Practice room lay out?

xxxplorer

Well-known member
I am in the mood to re-arrange my practice area (my garage!!!) for our band so that it not only sounds better, but has more fung shwei. I previously had the Drums in the middle of my garage and then the bass on one wall with the guitar on the opposite... this worked sometimes, but the biggest problem we run into is that I hear the bass and Josh (my bass player and bro) hears the geetar.... SOOOOOOooooooo.

I am thinking of puting the Drums in the corner of the gayrage and sticking the amps kinda at an angle facing the drums... so that the amps won't be in our faces but faced at Joey (my drummer and other bro).... bwahahaha.

What is the typical best layout for a jam/practice space? Now, I already have the couch, beer fridge, poker table and other necessary stuff... and that can be put around the important things (amps), I basically have a 2 1/4 car garage that's first priority is jamming.... storage and everything else works around it.
 
Re: Practice room lay out?

Practice space is for communication -- you need to be able to see and hear each other. Give your drummer/bro room to move, so that he doesn't bang his elbows into the walls while he's playing.
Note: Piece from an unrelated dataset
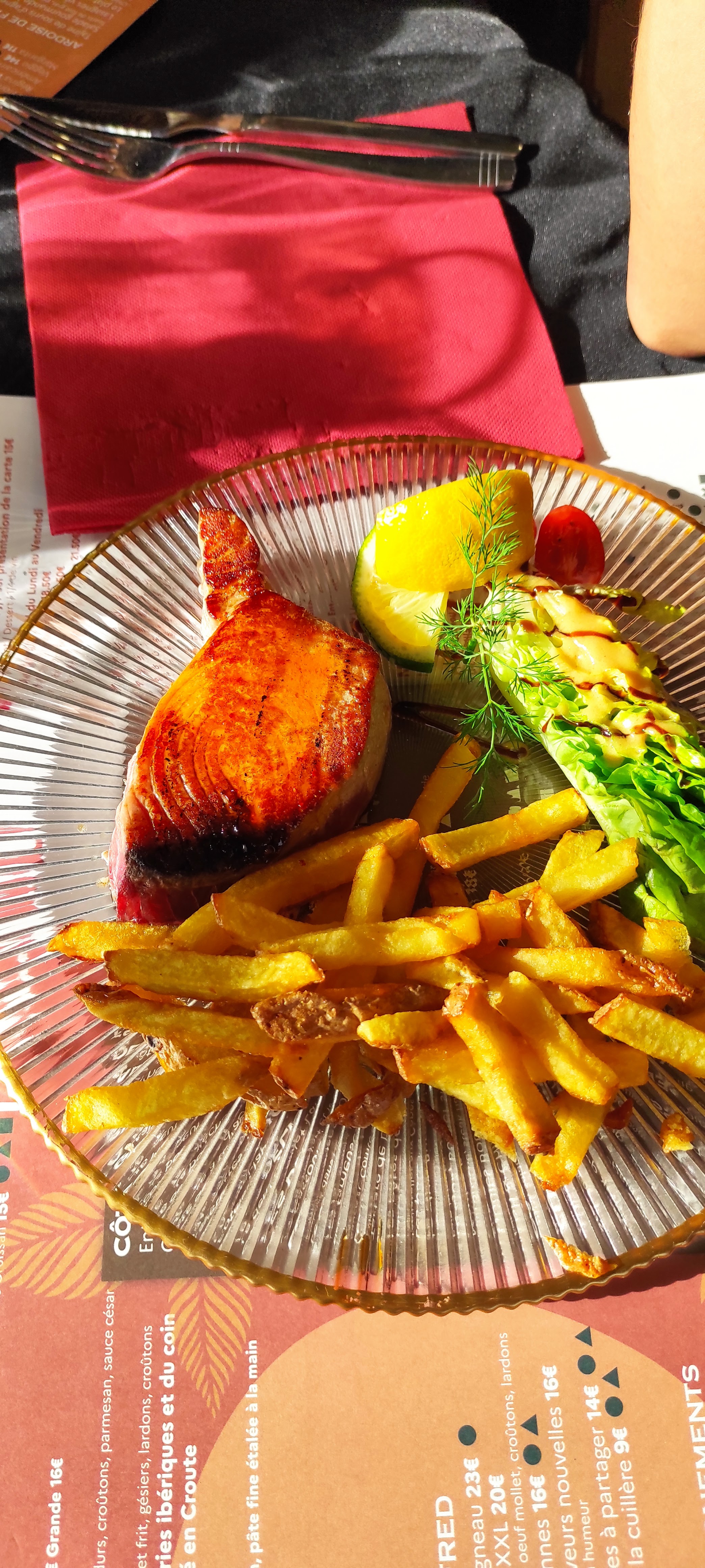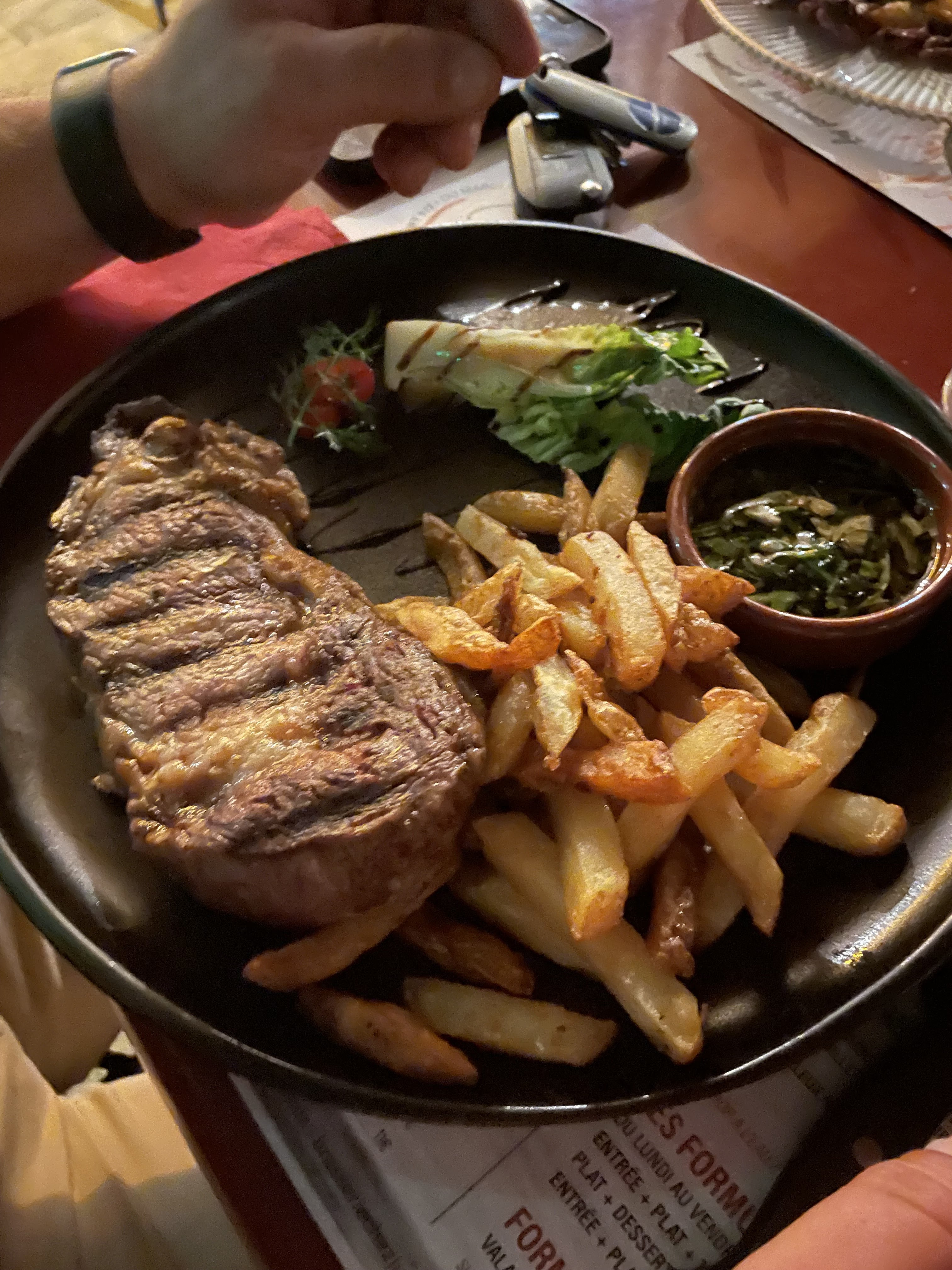 Simplicité, efficacité,musicalité Tout ceci à prix très doux.. La carte peut ravir les plus difficiles sans tomber dans l'excès de plats et ce juste équilibre nous annonce une fraîcheur absolue de ce qui est proposé. Mes convives ont pris des salades César et Saumon, une côte à l'os annoncée à 700 gr qui faisait pas loin du kilo et pour ma part je me suis régalé avec une entrecôte Chimichurri dans les règles de l'art. Les desserts ont aussi remporté un franc succès.. Mon tour de taille en a pris un coup 😁 Bref je recommande vivement.. Bravo à Ju et son équipe qui allie expérience et jeunesse

The problem with single cabs is that they blast into the room from their own point in space, and they :fart: all over the one standing right next to them. Try to get everyone an equal distance from each sound source, drums included. As for the rest, quit "schwinging" your "fung" at everybody.
 
Re: Practice room lay out?

The new band that I'm playing started facing each other but has moved to a stage setup (where we plan to play). Our practice area is a room the size of a double garage ... right above a double garage. We have enough equipment between us to just leave it set up with the monitors.

So we occasionally face each other when working on parts ... but most of the time we are hearing things coming from where they will on stage. I think it's helping our communication in that this is what we'll see and hear on stage.

First gigs are in two weeks ... so we'll see. But I think we've improved because we're using this method. Plus we are purposely squeezing the equipment (not cramped) towards the stage sizes the group generally plays in clubs. Keyboard guy runs the sound from "stage left" which is our plan if the club is too small to use the snake rig and use a soundman.

It's basically practicing in real conditions. If that que you always need is behind you at the gig ... what you gonna do?